B&VIIT Eye Center, Seoul, South Korea.
Department of Ophthalmology, Aerospace Medical Center, Republic of Korea Air Force, Cheongju, South Korea.
Eye (Lond). 2022 Oct;36(10):1959-1965. doi: 10.1038/s41433-021-01795-5. Epub 2021 Oct 5.
BACKGROUND/OBJECTIVES: This study aimed to evaluate a deep learning model for estimating uncorrected refractive error using posterior segment optical coherence tomography (OCT) images.
In this retrospective study, we assigned healthy subjects to development (N = 688 eyes of 344 subjects) and test (N = 248 eyes of 124 subjects) datasets (prospective validation design). We developed and validated OCT-based deep learning models to estimate refractive error. A regression model based on a pretrained ResNet50 architecture was trained using horizontal OCT images to predict the spherical equivalent (SE). The performance of the deep learning model for detecting high myopia was also evaluated. A saliency map was generated using the Grad-CAM technique to visualize the characteristic features.

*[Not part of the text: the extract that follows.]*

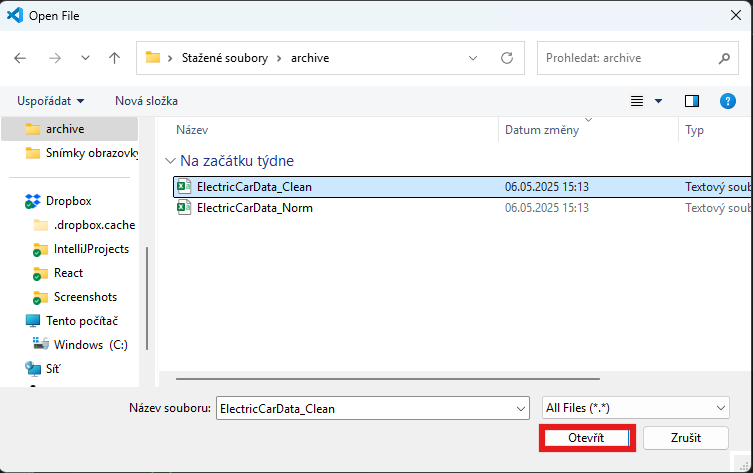 Vyberieme požadovaný súbor, ktorý chceme otvoriť (ktorý sme si predtým rozbalili):

The developed model showed a low mean absolute error for SE prediction (2.66 D) and a significant Pearson correlation coefficient of 0.588 (P < 0.001) in the test dataset validation. To detect high myopia, the model yielded an area under the receiver operating characteristic curve of 0.813 (95% confidence interval [CI], 0.744-0.881) and an accuracy of 71.4% (95% CI, 65.3-76.9%). The inner retinal layers and relatively steepened curvatures were highlighted using a saliency map to detect high myopia.

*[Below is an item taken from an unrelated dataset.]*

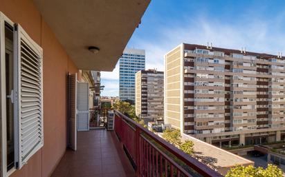 Piso con terraza esquinera y vistas despejadas junto al Parque Joan Miró Piso alto, exterior y muy luminoso, situado en la calle València, en el corazón de la Nova Esquerra de l’Eixample, a poca distancia del centro comercial Las Arenas, la plaza España, la avenida Roma y la estación de Sants. Con una superficie de vivienda de 93 m² construidos, destaca por su gran terraza esquinera que rodea toda la propiedad, orientada a dos calles y con vistas amplias y arboladas, que aportan luz natural durante todo el día. La distribución es cómoda y funcional: – Amplio salón-comedor con salida directa a la terraza. – Cocina independiente totalmente equipada, con zona de lavadero anexa. – Cuatro dormitorios (dos dobles y dos individuales). – Dos baños completos, uno de ellos integrado en la suite principal, con bañera de hidromasaje. La vivienda se encuentra en buen estado y lista para entrar a vivir, con suelos de parquet, cerramientos de aluminio, calefacción de gas y aire acondicionado en el salón. Localizada en una finca señorial de obra vista de los años 70, con ascensor y servicio de conserjería, recientemente renovada y con un vestíbulo elegante de estilo contemporáneo. Una propiedad luminosa, funcional y bien comunicada, ideal para familias o para quienes busquen un hogar con exterior y excelente conexión con toda la ciudad. Zona tranquila y consolidada, con transporte público (metro L1-L3-L5, FGC y bus), comercios y servicios a pocos metros.

A deep learning algorithm showed that OCT could potentially be used as an imaging modality to estimate refractive error. This method will facilitate the evaluation of refractive error to prevent clinicians from overlooking the risks associated with refractive error during OCT assessment.
背景/目的:本研究旨在评估一种使用后节光学相干断层扫描(OCT)图像估算未矫正屈光不正的深度学习模型。

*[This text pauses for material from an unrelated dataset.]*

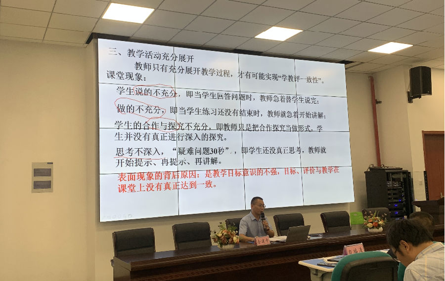 活动的最后,由金特结合本次讲座主题即“学教评一致性理念”对以上两位授课老师进行了专业性点评,再展开说明了何为学教评一致性及相对应的几点教学意见。他指出,对于课堂教学而言,教师的教,学生的学,以及对学习的评价应具有目标的一致性,要保证学习目标的始终呈现、教学活动的充分开展、教学评价的全程跟进。其中最为关键的是“评”,形式包括但不局限与教师的评价与追问,学生的讨论与点评也可以成为“评”的有效手段,总之要无时无刻将这一环节贯穿课堂的始终。

在这项回顾性研究中,我们将健康受试者分配到开发(N=344 名受试者的 688 只眼)和测试(N=124 名受试者的 248 只眼)数据集(前瞻性验证设计)。我们开发并验证了基于 OCT 的深度学习模型来估算屈光不正。使用水平 OCT 图像基于预训练的 ResNet50 架构训练回归模型,以预测等效球镜(SE)。还评估了深度学习模型检测高度近视的性能。使用 Grad-CAM 技术生成显着性图以可视化特征。
在测试数据集验证中,开发的模型显示 SE 预测的平均绝对误差较低(2.66D),Pearson 相关系数显著为 0.588(P<0.001)。为了检测高度近视,该模型的受试者工作特征曲线下面积为 0.813(95%置信区间[CI],0.744-0.881),准确率为 71.4%(95%CI,65.3-76.9%)。使用显着性图突出显示内层视网膜层和相对陡峭的曲率以检测高度近视。
深度学习算法表明 OCT 可能可作为一种成像方式来估算屈光不正。这种方法将有助于评估屈光不正,以防止临床医生在 OCT 评估期间忽略与屈光不正相关的风险。